**Given information**
_____

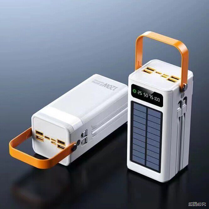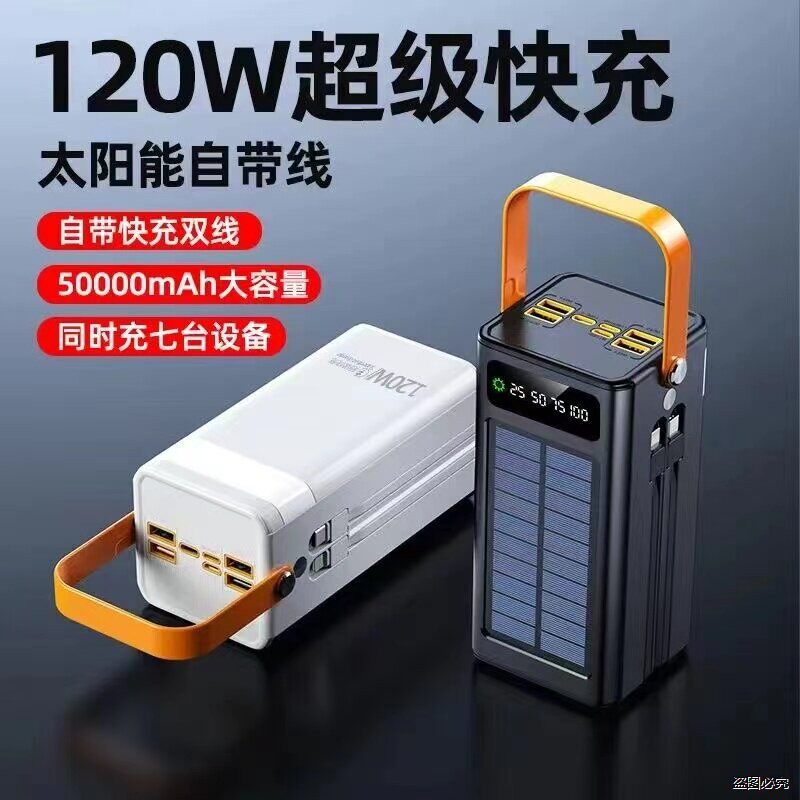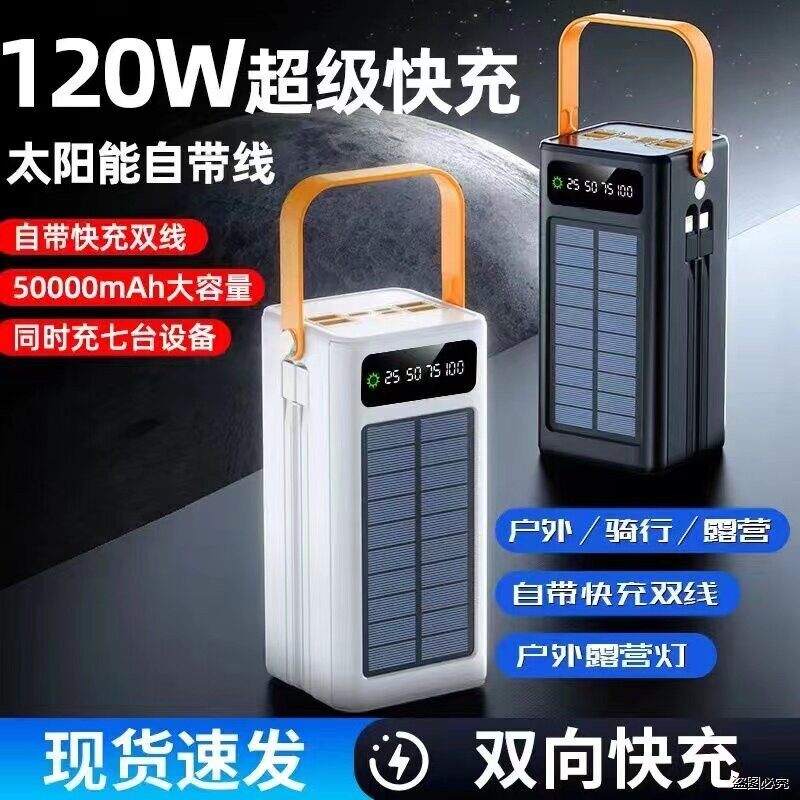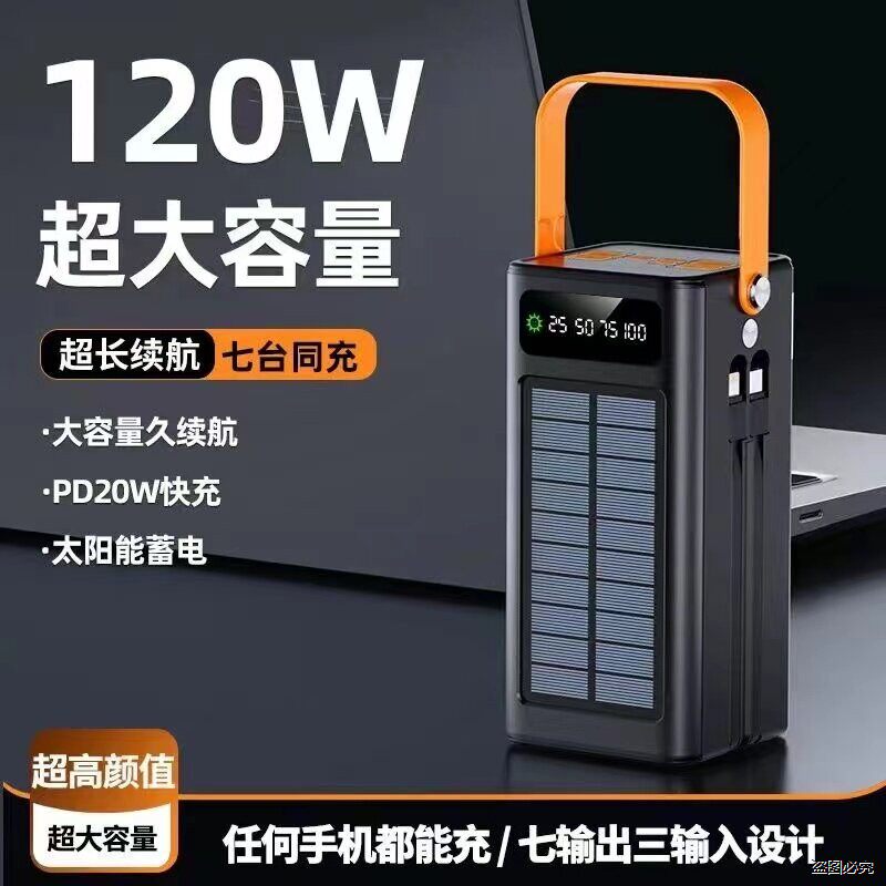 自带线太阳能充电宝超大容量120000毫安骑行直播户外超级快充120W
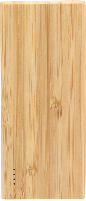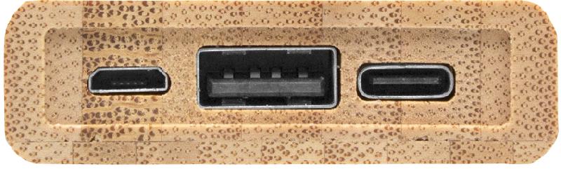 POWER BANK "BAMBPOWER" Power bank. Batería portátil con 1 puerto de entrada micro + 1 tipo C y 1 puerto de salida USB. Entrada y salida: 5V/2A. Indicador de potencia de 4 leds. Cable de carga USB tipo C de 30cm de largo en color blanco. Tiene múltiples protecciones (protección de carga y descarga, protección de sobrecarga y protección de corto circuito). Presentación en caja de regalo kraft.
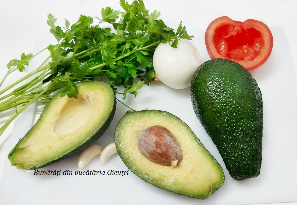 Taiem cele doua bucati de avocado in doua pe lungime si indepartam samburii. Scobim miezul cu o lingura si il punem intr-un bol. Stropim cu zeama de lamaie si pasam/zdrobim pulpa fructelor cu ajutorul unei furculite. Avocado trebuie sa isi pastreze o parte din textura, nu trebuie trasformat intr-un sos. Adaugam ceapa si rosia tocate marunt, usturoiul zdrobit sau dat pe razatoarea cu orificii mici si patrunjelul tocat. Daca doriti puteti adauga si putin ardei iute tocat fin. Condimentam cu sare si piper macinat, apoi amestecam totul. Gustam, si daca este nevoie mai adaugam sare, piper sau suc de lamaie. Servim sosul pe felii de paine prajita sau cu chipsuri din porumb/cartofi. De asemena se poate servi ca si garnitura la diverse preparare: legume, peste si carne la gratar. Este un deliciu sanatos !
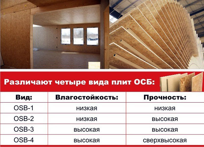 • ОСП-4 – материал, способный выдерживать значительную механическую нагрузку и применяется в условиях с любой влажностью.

_____

**Work order**
For this exercise, return the material word for word and drop each image.

**Expected answer**
 自带线太阳能充电宝超大容量120000毫安骑行直播户外超级快充120W
 POWER BANK "BAMBPOWER" Power bank. Batería portátil con 1 puerto de entrada micro + 1 tipo C y 1 puerto de salida USB. Entrada y salida: 5V/2A. Indicador de potencia de 4 leds. Cable de carga USB tipo C de 30cm de largo en color blanco. Tiene múltiples protecciones (protección de carga y descarga, protección de sobrecarga y protección de corto circuito). Presentación en caja de regalo kraft.
 Taiem cele doua bucati de avocado in doua pe lungime si indepartam samburii. Scobim miezul cu o lingura si il punem intr-un bol. Stropim cu zeama de lamaie si pasam/zdrobim pulpa fructelor cu ajutorul unei furculite. Avocado trebuie sa isi pastreze o parte din textura, nu trebuie trasformat intr-un sos. Adaugam ceapa si rosia tocate marunt, usturoiul zdrobit sau dat pe razatoarea cu orificii mici si patrunjelul tocat. Daca doriti puteti adauga si putin ardei iute tocat fin. Condimentam cu sare si piper macinat, apoi amestecam totul. Gustam, si daca este nevoie mai adaugam sare, piper sau suc de lamaie. Servim sosul pe felii de paine prajita sau cu chipsuri din porumb/cartofi. De asemena se poate servi ca si garnitura la diverse preparare: legume, peste si carne la gratar. Este un deliciu sanatos !
 • ОСП-4 – материал, способный выдерживать значительную механическую нагрузку и применяется в условиях с любой влажностью.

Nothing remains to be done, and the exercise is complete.